Realizing the value of family
Thor Kieser, his wife and their 8-year-old daughter live in a two-bedroom home in Golden. Kieser’s father-in-law recently immigrated from the Philippines and can’t afford a place of his own, so Grandpa sleeps on a mattress in the laundry room.
The living arrangement works well for 65-year-old Kieser, he said, because he gets the support he needs.
A few years ago, Kieser was diagnosed with stage 4 melanoma, which he overcame. Then, in 2022, he had a serious climbing accident in which he fell and broke 17 bones.
“It was one of those ‘barely survive’ situations,” Kieser said. “But I survived it, and here I am.”
Kieser’s accident resulted in health problems that impacted his mobility and ability to work. He uses a walker to get around and needs assistance getting to and from a slew of medical and physical therapy appointments.
Grandpa takes his granddaughter to elementary school in the morning. He drives Kieser to his oncology appointments, gastroenterologist and physical therapy sessions, and helps around the house while Kieser’s wife works as a certified nursing assistant during the day.
“It works out for us because I need that helping hand,” Kieser said.
Caregiving is a big reason why families are choosing to move in together, Butts said.
The mission of Generations United, the organization Butts leads, centers on improving the lives of kids and elders through intergenerational collaborations, public policies and programs.

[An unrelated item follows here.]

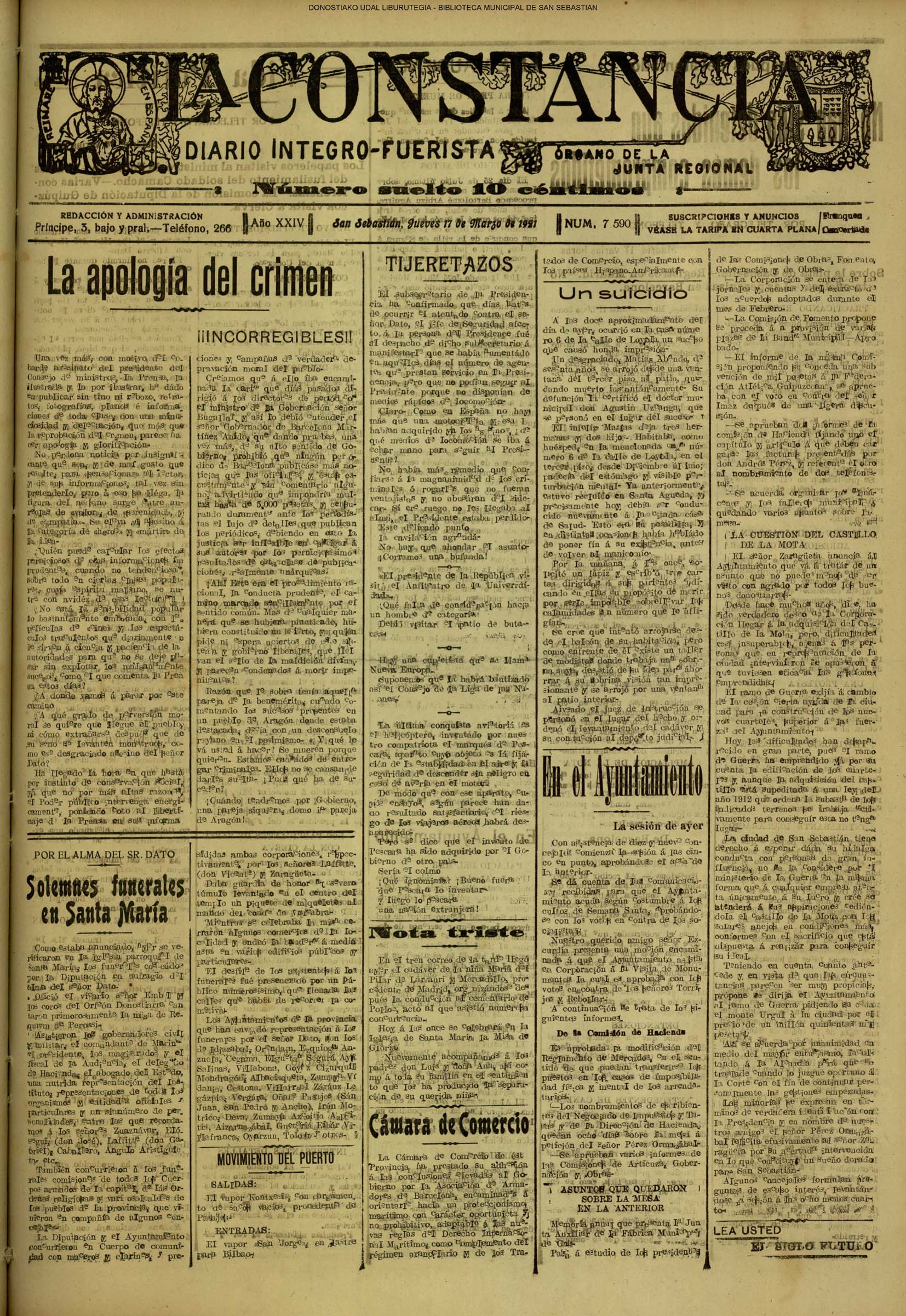 (1885) Pescando en aguas donostiarras, el “Mamelena núm. 5” abordó, echándolo pique, al “Mamelena núm. 2”, cuya tripulación se salvó en su totalidad. (1856) (1861) (1866) (1871) (1891) Dimite el platillero de la Banda municipal, D. Juan González. |

During the pandemic, she said, families came together to support each other amid the stresses of a new frontier. Families found that caregiving — whether for children or aging parents — became easier with more people in the home. Incomes could be pooled for more affordable rents. Elderly folks at risk of isolation were around loved ones.
“We need to change our mindset and realize there is great value and importance in families staying together,” Butts said.
“We all help with something”
Many cultures already have adopted this mindset, Butts said.
Multigenerational living is rising partly because the demographic groups comprising most of the recent U.S. population growth — including Asian, Black, Hispanic and foreign-born people — are more likely to live with multiple generations, according to Pew Research.
Diana Cobos Ocaña, 47, lives with her husband, their 12- and 14-year-old children, and her 87-year-old widowed mother in their Morrison home.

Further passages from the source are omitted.